В оригинале статьи сноски имеют постраничную цифровую нумерацию; я изменил её на звёздочки и переместил примечания под абзацы по техническим причинам. Мои примечания в тексте даны в угловых скобках цветным шрифтом. Цветными цифрами в квадратных скобках обозначены страницы по оригинальной публикации. Явные опечатки последней мною исправлены; за пропущенные и привнесённые мною заранее прошу прощения — пишите на eshi1@mail.ru, буду исправлять. Орфография осовременена, но кое-где я сохранил в орфографии и пунктуации особенности времени и авторского стиля.

 

ГОЛОС МИНУВШЕГО. Журнал истории и истории литературы. (Год издания II)

Под редакцией С. П. Мельгунова и В. И. Семевского.

№ 6. Июнь. 1914.

Читать всю статью в формате PDF (Mб)

 

[с. 5:]

Так выглядит начало публикации в журнале.

 

На заре русского романа.

 

 

Стремление к здоровому реализму и к психологическому анализу, желание пробуждать в читателях «чувства добрые», заступничество за всех униженных и оскорбленных — вот что считается обыкновенно характерными чертами русской литературы XIX века.

Эти черты были унаследованы от писателей предыдущей эпохи. Не посчастливилось этим писателям, — мы говорим в частности о романистах XVIII века, — даже имена их исчезли из памяти людей, не занимающихся специально историей литературы. Специалистам, конечно, известны исследования в этой области, начатые в 1856 г. Благосветловым и закончившиеся в 1910 г. капитальным трудом В. В. Сиповского* «Очерки из истории русского романа» (2 т.т. Спб., 1909—10). Но ни «Сын Отечества», где были напечатаны три статьи Благосветлова, ни специальные издания, в которых появлялись позднейшие работы, ни, главное, сами романы XVIII века, давно ставшие библиографической редкостью, не доступны для широких кругов читающей публики. А между тем эти романы представляют интересные страницы в истории русской литературы и русской общественной мысли.

__________

* Предшественницею г. Сиповского в исследовании старого русского романа является и Н. А. Белозерская в ее труде о Нарежном. — Ред.

 

Первые русские романы XVIII века написаны были в шестидесятых и семидесятых годах этого столетия. Людям [с. 6:] XX века трудно представить себе, что происходило в России в то время. «Просвещение в России до девятнадцатого столетия было уделом одного высшего круга дворянства», говорит в своих записках Д. П. Рунич, родившийся в 1773 году и бывший впоследствии при Александре I управляющим петербургским университетом и учебным округом. «В массе народной все просвещение состояло в умении читать по церковным книгам, и в самом высшем кругу дворянства не все мужчины умели писать. Что же касается до женского пола, то умение читать и писать почиталось вовсе для него ненужным. Домашнее воспитание было так исключительно и редко, что едва относилось к целому обществу, как единица к тысяче»*.

__________

* «Русская Старина», 1896 г. ноябрь, стр. 283.

 

О том, что представляло из себя это воспитание, мы можем судить хотя бы по признаниям Ал. М. Кутузова. Это был один из выдающихся людей XVIII века, друг Новикова и видный член «Дружеского Ученого Общества».

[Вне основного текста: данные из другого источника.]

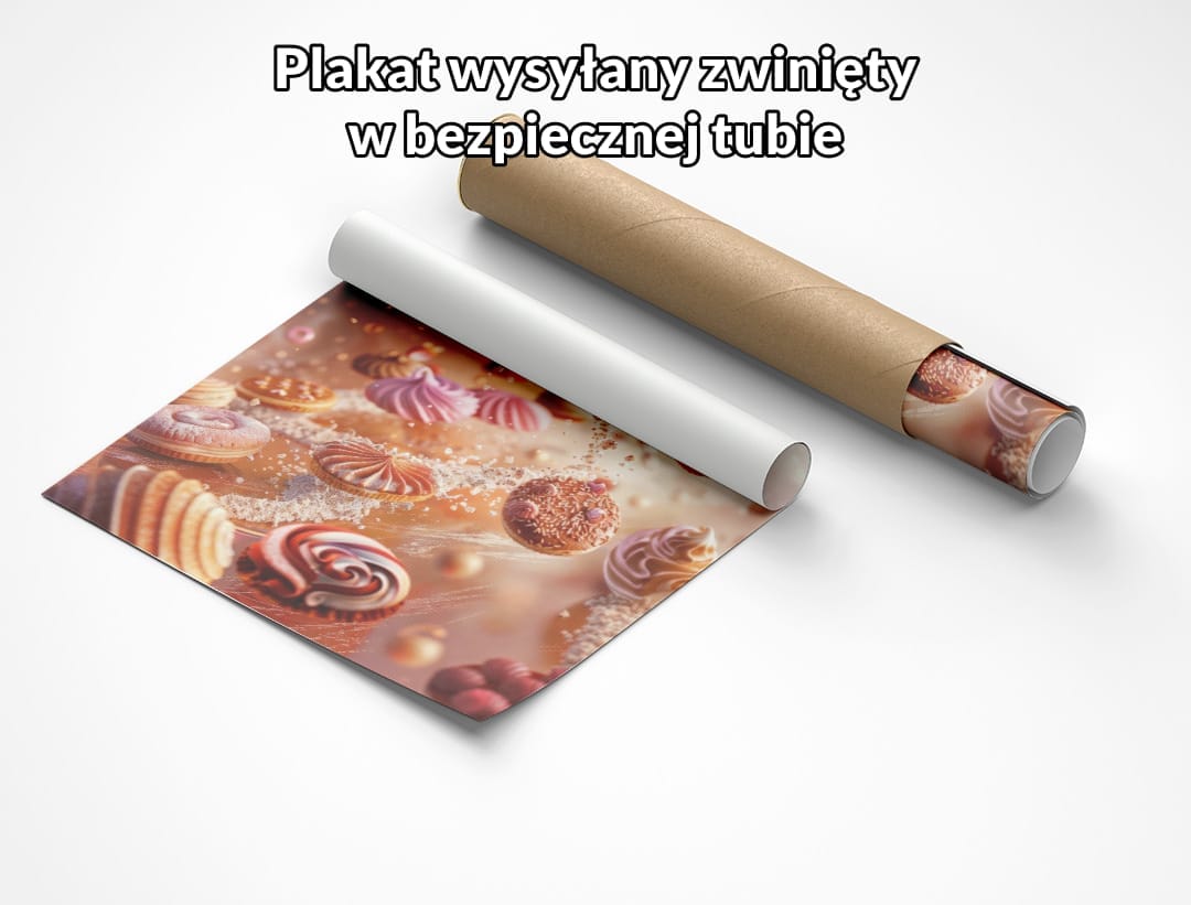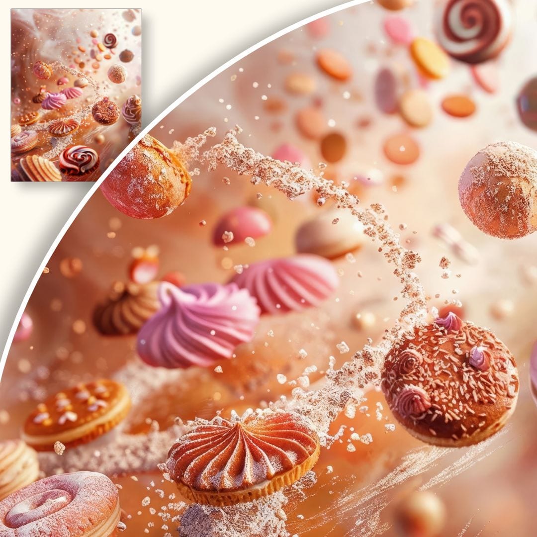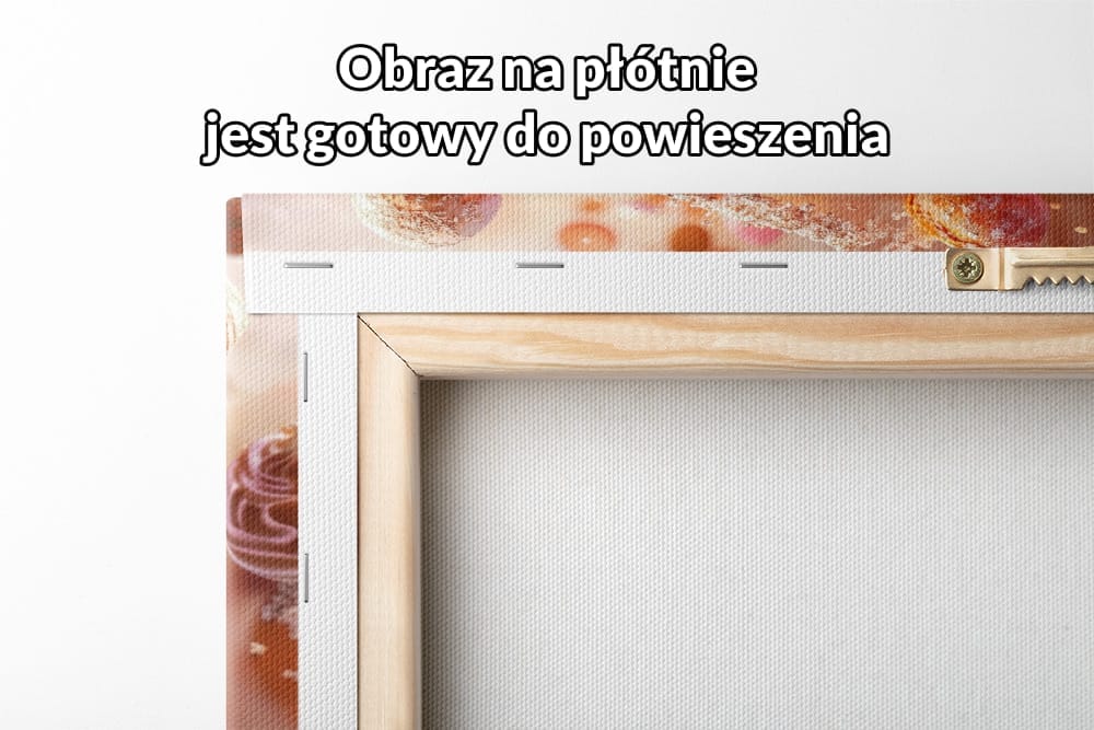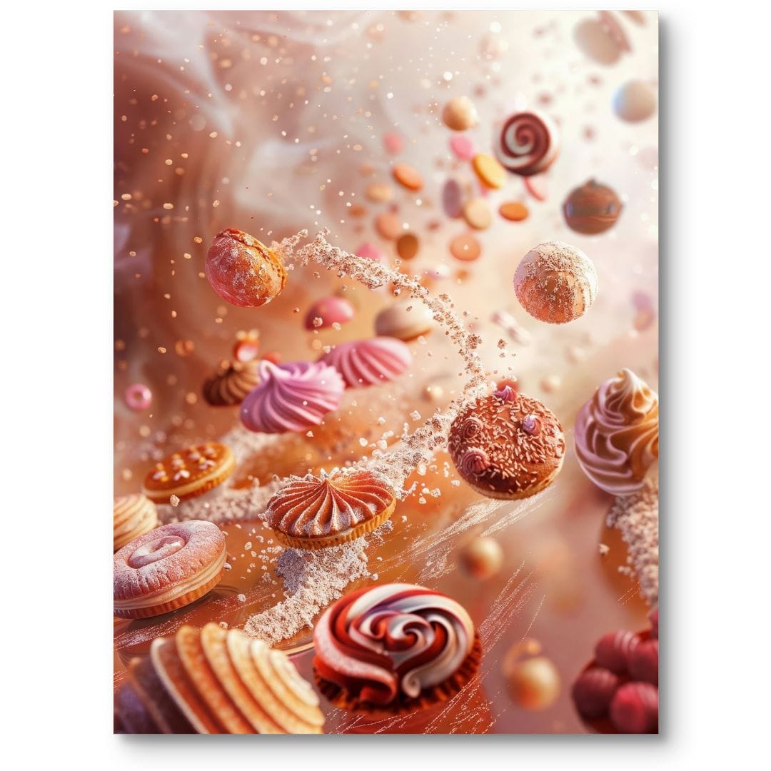 Obraz na płótnie ukazuje fantastyczną kompozycję pełną barwnych słodkości, które swobodnie unoszą się w powietrzu. Przedstawione makaroniki, bezy, delikatne ciastka i inne desery tworzą hipnotyzującą scenę, emanującą energią i ruchem. Ta bajkowa wizja sprawia, że każdy miłośnik słodyczy oraz kulinarnych rozkoszy przenosi się do świata magii i dziecięcej radości.

В 1791 г. в письме к князю Н. Н. Трубецкому вспоминает он о своем детстве и заявляет: «Мое воспитание не отличалось ничем от прочего нашего дворянства воспитания: научили меня болтать по-французски и по-немецки, на сих двух языках имел я счастие читать множество романов».

Но лишь немногие представители высшего общества «имели счастие» читать иностранные романы в подлинниках. Грамотные люди из среды небогатого и в особенности провинциального дворянства должны были довольствоваться переводами, по большей части рукописными, потому что в XVIII столетии книги в России были и редки, и очень дороги. В записках Болотова встречаем мы горькую жалобу по этому поводу. «И куда жаль, — пишет он, — что у нас в России было так мало еще русских книг, что в домах не было не только библиотек, но ни малейших собраний».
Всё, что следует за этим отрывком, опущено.